I saw it on TV a couple years ago, a cow walks into the water and the piranha start eating it. When the cow walks out one of its legs is nothing but bone.


----------



## Nethius (Feb 23, 2003)

never heard of that?!? would be quiet the viewing!!! i have heard of cows/calfs getting their "goods" eaten tho!


----------



## SERRAPYGO (Feb 4, 2003)

I have something similiar....
It's a video of a piranha that flopped it's way into a cow pasture.... and.. well, the rest is too grusome to talk about. :biggrin:


----------



## Crossett (Apr 1, 2003)

Serrapygo said:


> I have something similiar....
> It's a video of a piranha that flopped it's way into a cow pasture.... and.. well, the rest is too grusome to talk about. :biggrin:


 could you send it to me? hit me up on aim: bling bling atx


----------



## SERRAPYGO (Feb 4, 2003)

Crossett said:


> Serrapygo said:
> 
> 
> > I have something similiar....
> ...


 Unless you've seen cows in a feeding frenzy before I can't subject this video on you.


----------



## Judazzz (Jan 13, 2003)

I've seen a demonstration with a large duck once: it was a program called "The 10 most efficient/dangerous/whatever predators in the world). The lowered the duck into a shoal of frenzied piranha's (no clue which species though), and after a minute or two, it was stripped clean...
They also caught one piranha and had it bite the shaft of a knife, and you could hear an eery sound of the teeth scratching and slamming into the metal.
Pretty impressive


----------



## pcrose (Mar 9, 2003)

That would be interesting but quite gory as well.


----------



## Crossett (Apr 1, 2003)

Serrapygo said:


> Crossett said:
> 
> 
> > Serrapygo said:
> ...


----------



## MPower (Jan 29, 2003)

Judazzz said:


> I've seen a demonstration with a large duck once: it was a program called "The 10 most efficient/dangerous/whatever predators in the world).

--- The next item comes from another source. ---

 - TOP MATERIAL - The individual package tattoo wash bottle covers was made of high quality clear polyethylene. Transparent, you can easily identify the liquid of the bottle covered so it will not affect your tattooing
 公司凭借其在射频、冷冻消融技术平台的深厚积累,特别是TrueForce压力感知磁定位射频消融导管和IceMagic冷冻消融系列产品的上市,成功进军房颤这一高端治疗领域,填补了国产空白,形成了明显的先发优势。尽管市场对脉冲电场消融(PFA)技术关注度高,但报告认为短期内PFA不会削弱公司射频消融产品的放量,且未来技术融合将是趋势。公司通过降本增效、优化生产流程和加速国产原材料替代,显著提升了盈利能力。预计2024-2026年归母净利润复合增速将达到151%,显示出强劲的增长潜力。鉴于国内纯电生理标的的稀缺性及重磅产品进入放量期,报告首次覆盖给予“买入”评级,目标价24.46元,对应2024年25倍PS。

The lowered the duck into a shoal of frenzied piranha's (no clue which species though), and after a minute or two, it was stripped clean...

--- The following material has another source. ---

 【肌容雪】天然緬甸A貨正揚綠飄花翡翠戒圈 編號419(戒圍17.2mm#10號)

 Those were reds. I think it was the travel channel. To bad piranhas only ranked 10.


----------



## SERRAPYGO (Feb 4, 2003)

MPower said:


> Judazzz said:
> 
> 
> > I've seen a demonstration with a large duck once: it was a program called "The 10 most efficient/dangerous/whatever predators in the world). The lowered the duck into a shoal of frenzied piranha's (no clue which species though), and after a minute or two, it was stripped clean...
> ...


 But they are #1 in our hearts.


----------



## Vampor (Feb 15, 2003)

haha yepp they sire are mate.... but can some1 upload those videos that have been talked about at this topic??


----------



## piranha198220 (Jan 13, 2003)

yea i think we all wanna see those vids
please upload them here


----------



## Seifer (Apr 10, 2003)

Serrapygo said:


> I have something similiar....
> It's a video of a piranha that flopped it's way into a cow pasture.... and.. well, the rest is too grusome to talk about. :biggrin:


 i dont understand, how could 1 piranha on dry land do anything gruesome?


----------



## phensway (Apr 7, 2003)

maybe he misunderstood, and the cow went to the water to drink and got ambushed?!?!?! i dont think they flop on land, do you think they would get that desperate??


----------



## RhomZilla (Feb 12, 2003)

If its the right video, it was a buffalo (I dont think cows, or even wild cows, roam in the Amazon Jungle) that wandered off to soak in a river bed evaporating in the middle of drought season. The buffalo went in half way and suddenly movcement in the surface of the water started bubbling. Then the animal was shown struggling in pain trying to swim out.


----------



## Cowman1999 (Dec 15, 2002)

post the "gory" video for everyone... I think we'll be ok....


----------



## Cowman1999 (Dec 15, 2002)

So where's the video?


----------



## Crossett (Apr 1, 2003)

Cowman1999 said:


> So where's the video?


 yes yes, the video...


----------



## rosecityrhom (Feb 3, 2003)

He said have you ever seen a cow frenzy, which I think he means the cows ate the piranha as a flopping piranha could not do much on dry land...especially only one piranha.


----------



## GARGOYLE (Feb 12, 2003)

video, video, video. I wanna see some blood fellas


----------



## RhomZilla (Feb 12, 2003)

rosecityrhom said:


> He said have you ever seen a cow frenzy


 Cow frenzy?!?! Hard to imaging cows having a frenzy. But i get what you men..


----------



## Poseidon X (Jan 31, 2003)

I remember the cow they showed on tv pretty much getting eaten inside and out, that was friging sweet, but if no one else has seen it maybe i was imaging things again


----------



## Kolbenschlag (Feb 3, 2003)

Just a heads up to everyone, but Im pretty sure serrapygo was being sarcastic, there is no such video of cows eating piranha. :biggrin:


----------



## nyquil (Mar 29, 2003)

heres a pic of p's on the opposite end of eating.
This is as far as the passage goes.